• _WHAT TO PRODUCE_:
For this exercise, return only the lines in the records below from the one holding "Socha sv. Jana Nepomuckého, 70. léta" through the one holding "Russula convivialis Kutikula: Dermatozystiden", including both, exactly as they appear and without pictures.

• _RECORD EXTRACTS_:
+ + + + +

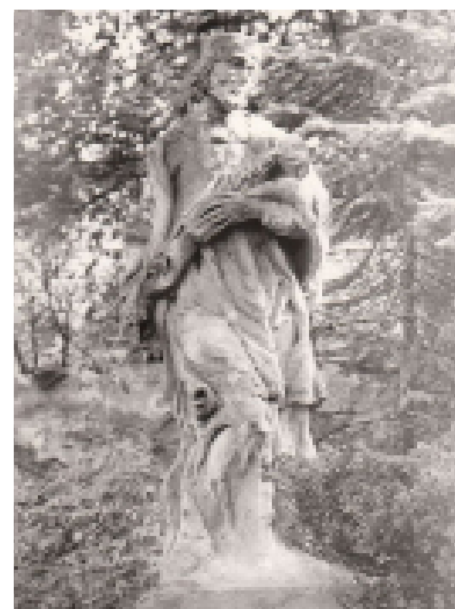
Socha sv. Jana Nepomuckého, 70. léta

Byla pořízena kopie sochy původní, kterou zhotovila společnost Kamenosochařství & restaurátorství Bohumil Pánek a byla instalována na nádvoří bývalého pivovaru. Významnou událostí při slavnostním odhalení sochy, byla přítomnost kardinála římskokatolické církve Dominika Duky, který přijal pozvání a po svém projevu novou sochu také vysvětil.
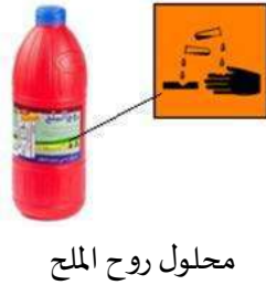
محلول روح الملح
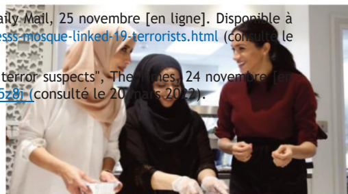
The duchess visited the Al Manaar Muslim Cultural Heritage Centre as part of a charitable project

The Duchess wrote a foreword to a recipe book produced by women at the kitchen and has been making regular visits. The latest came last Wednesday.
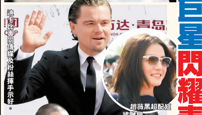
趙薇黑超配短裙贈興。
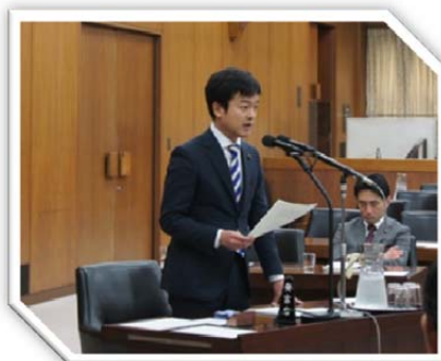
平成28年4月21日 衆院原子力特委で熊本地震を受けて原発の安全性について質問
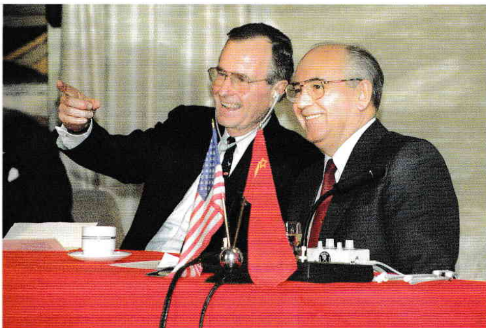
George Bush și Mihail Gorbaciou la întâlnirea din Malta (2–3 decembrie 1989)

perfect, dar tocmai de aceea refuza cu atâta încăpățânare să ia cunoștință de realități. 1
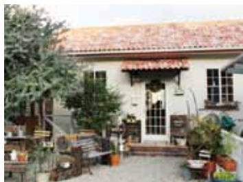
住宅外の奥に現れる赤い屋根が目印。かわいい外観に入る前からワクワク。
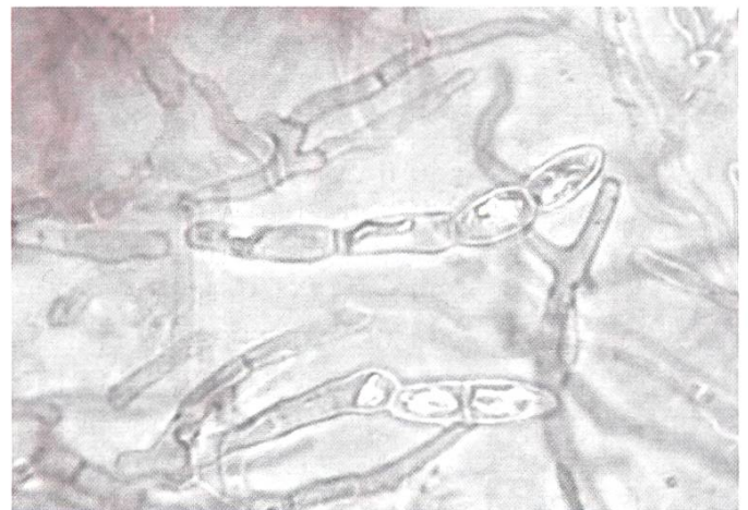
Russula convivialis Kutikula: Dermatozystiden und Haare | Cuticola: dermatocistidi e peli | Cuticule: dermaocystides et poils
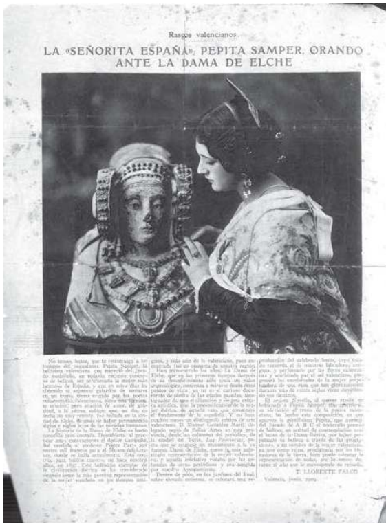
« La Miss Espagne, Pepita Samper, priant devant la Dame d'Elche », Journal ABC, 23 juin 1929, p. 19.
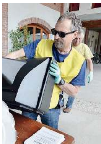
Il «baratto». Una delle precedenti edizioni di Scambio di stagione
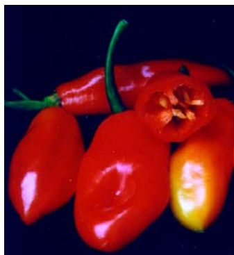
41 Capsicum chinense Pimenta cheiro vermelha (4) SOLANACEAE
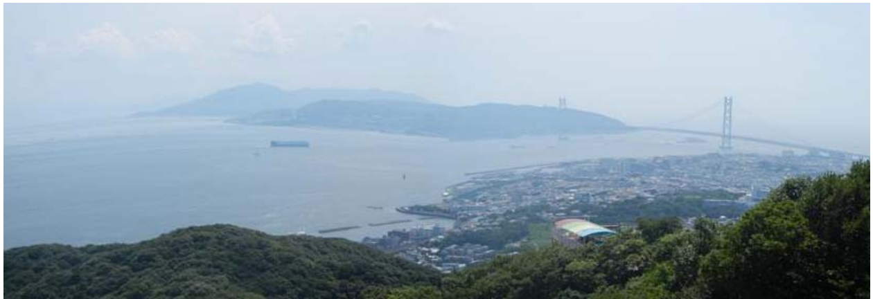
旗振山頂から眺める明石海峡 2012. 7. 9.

+ + + + +

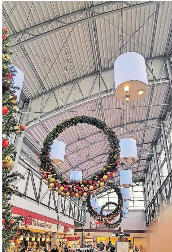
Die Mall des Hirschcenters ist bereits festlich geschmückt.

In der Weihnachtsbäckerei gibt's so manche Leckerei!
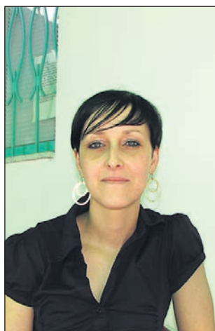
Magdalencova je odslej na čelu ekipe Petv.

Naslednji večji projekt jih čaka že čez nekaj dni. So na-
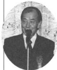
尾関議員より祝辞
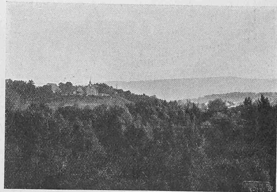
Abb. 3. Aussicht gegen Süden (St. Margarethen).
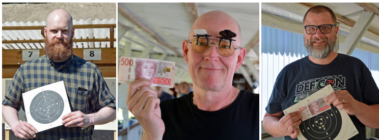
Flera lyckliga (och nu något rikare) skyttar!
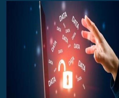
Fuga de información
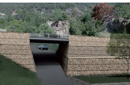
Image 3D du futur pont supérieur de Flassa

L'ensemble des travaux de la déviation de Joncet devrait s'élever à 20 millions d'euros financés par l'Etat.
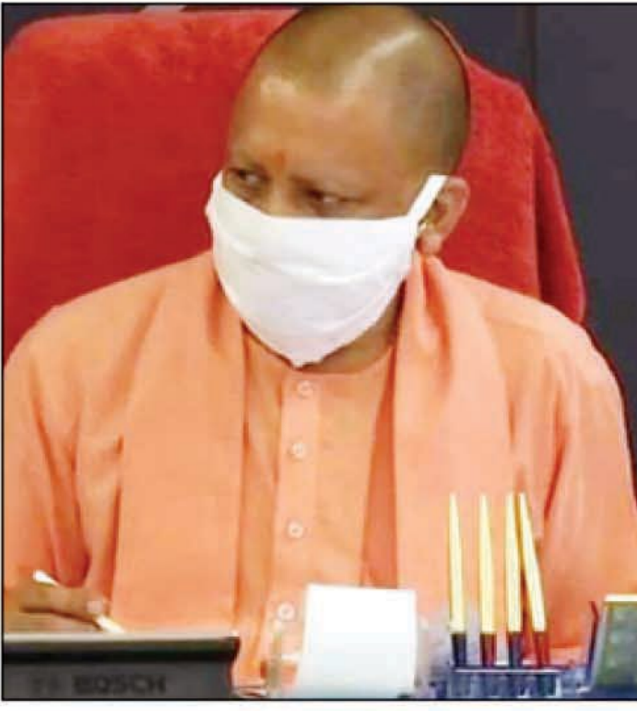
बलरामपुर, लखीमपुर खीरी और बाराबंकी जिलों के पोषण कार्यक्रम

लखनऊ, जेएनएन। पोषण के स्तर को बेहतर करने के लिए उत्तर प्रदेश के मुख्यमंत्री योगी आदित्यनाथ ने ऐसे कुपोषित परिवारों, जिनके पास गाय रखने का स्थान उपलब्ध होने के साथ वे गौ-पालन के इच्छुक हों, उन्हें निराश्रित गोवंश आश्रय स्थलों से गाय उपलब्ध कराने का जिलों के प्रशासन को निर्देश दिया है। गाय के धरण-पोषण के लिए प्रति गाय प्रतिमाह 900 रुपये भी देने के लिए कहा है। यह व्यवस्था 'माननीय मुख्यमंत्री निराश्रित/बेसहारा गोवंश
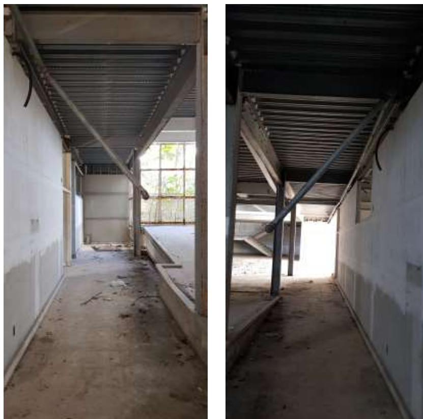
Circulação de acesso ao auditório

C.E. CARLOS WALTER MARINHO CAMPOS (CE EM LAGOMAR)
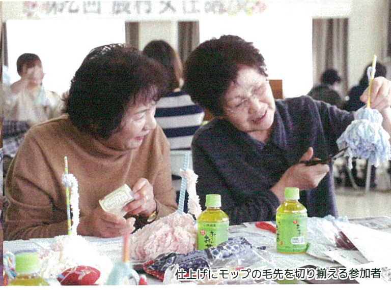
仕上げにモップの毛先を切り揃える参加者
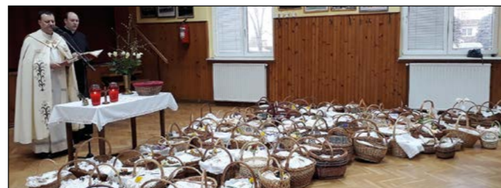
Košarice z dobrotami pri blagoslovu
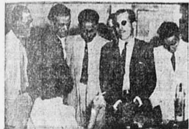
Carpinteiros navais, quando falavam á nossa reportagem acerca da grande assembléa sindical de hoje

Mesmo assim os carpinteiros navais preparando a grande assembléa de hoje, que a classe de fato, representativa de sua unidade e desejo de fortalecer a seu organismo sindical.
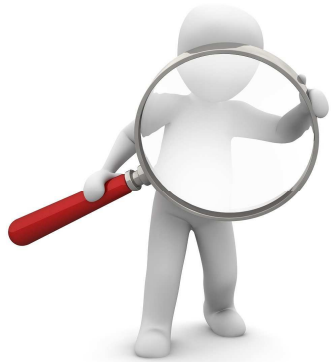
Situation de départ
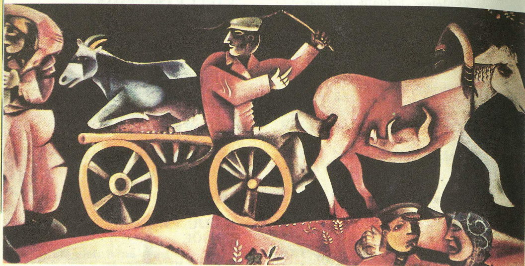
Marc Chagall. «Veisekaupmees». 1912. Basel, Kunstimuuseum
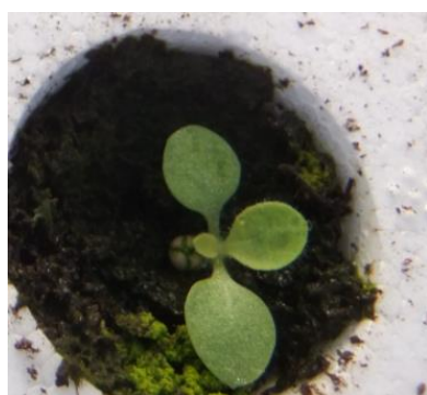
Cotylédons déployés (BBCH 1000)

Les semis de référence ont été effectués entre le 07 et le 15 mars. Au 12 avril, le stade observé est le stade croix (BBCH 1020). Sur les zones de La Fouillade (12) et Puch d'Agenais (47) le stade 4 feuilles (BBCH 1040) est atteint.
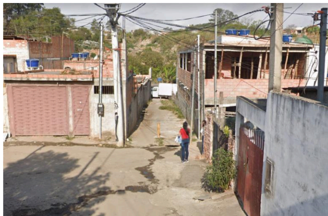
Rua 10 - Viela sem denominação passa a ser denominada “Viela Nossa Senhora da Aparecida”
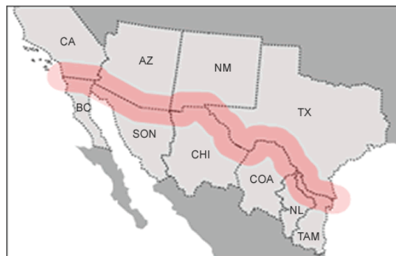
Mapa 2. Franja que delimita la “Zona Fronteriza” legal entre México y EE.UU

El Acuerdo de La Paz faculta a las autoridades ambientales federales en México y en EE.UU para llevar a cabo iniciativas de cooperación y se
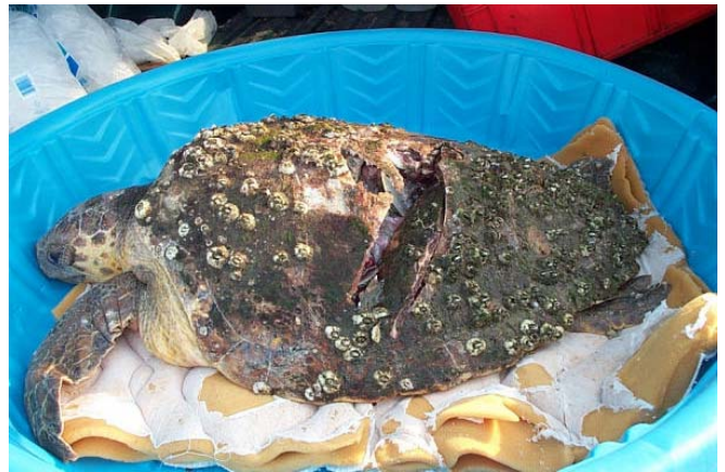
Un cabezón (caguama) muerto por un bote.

+ + + + +

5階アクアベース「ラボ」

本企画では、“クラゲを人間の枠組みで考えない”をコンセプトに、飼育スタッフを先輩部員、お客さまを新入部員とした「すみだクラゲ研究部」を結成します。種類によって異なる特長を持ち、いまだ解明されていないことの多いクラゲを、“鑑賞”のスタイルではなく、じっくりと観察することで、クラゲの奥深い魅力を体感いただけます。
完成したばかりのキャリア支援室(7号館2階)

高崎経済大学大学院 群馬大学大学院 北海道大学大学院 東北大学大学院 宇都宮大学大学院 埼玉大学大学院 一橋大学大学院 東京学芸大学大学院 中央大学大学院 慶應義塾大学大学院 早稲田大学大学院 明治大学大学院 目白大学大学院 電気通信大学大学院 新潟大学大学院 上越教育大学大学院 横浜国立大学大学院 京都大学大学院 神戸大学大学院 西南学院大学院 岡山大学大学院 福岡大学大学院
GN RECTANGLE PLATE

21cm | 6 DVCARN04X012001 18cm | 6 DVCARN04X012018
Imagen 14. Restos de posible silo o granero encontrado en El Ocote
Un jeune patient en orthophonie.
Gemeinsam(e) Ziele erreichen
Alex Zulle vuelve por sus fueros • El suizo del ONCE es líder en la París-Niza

+ + + + +

• _EXPECTED ANSWER_:
Socha sv. Jana Nepomuckého, 70. léta

Byla pořízena kopie sochy původní, kterou zhotovila společnost Kamenosochařství & restaurátorství Bohumil Pánek a byla instalována na nádvoří bývalého pivovaru. Významnou událostí při slavnostním odhalení sochy, byla přítomnost kardinála římskokatolické církve Dominika Duky, který přijal pozvání a po svém projevu novou sochu také vysvětil.
محلول روح الملح
The duchess visited the Al Manaar Muslim Cultural Heritage Centre as part of a charitable project

The Duchess wrote a foreword to a recipe book produced by women at the kitchen and has been making regular visits. The latest came last Wednesday.
趙薇黑超配短裙贈興。
平成28年4月21日 衆院原子力特委で熊本地震を受けて原発の安全性について質問
George Bush și Mihail Gorbaciou la întâlnirea din Malta (2–3 decembrie 1989)

perfect, dar tocmai de aceea refuza cu atâta încăpățânare să ia cunoștință de realități. 1
住宅外の奥に現れる赤い屋根が目印。かわいい外観に入る前からワクワク。
Russula convivialis Kutikula: Dermatozystiden und Haare | Cuticola: dermatocistidi e peli | Cuticule: dermaocystides et poils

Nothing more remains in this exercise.